§ SUPPLIED INFORMATION:
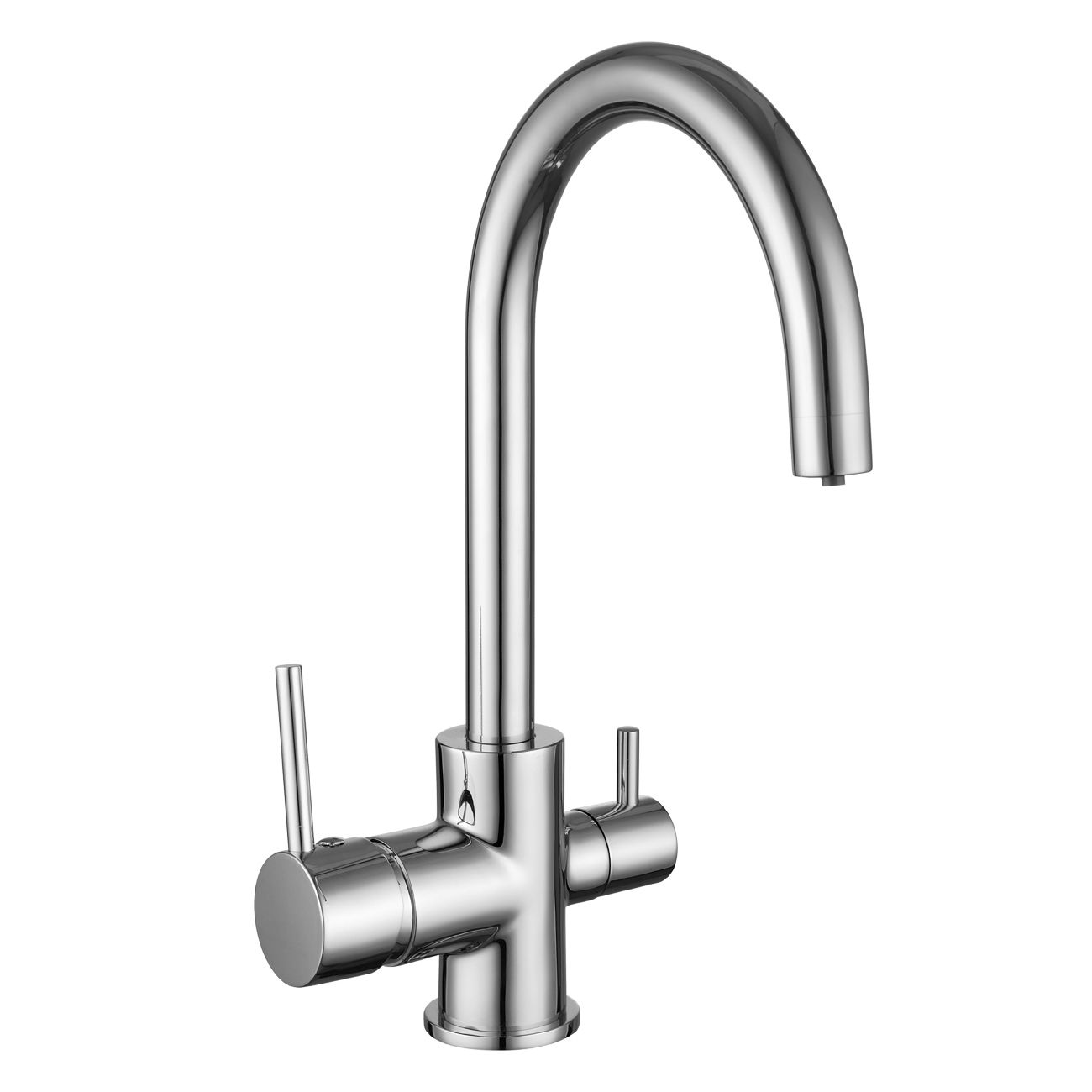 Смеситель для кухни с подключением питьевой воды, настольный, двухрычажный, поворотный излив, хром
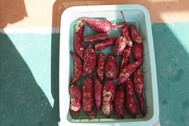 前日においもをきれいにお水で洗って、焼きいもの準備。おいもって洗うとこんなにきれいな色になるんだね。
* * *
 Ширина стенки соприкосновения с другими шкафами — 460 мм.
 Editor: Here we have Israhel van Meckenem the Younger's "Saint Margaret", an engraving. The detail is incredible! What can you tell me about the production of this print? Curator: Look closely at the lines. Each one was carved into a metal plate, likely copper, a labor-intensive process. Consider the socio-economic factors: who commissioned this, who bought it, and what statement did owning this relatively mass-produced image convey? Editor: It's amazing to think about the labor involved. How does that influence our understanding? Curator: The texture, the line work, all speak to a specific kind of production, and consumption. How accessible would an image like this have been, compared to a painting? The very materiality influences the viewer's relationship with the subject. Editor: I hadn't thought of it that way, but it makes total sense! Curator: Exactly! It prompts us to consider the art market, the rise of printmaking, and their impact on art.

§ TASK TO COMPLETE:
Going by the entries above, repeat exactly the lines that start at the line with "Смеситель для кухни" and go on through the line with "前日においもをきれいにお水で". Pictures are not part of the copy.

§ SOLUTION BELOW:
 Смеситель для кухни с подключением питьевой воды, настольный, двухрычажный, поворотный излив, хром
 前日においもをきれいにお水で洗って、焼きいもの準備。おいもって洗うとこんなにきれいな色になるんだね。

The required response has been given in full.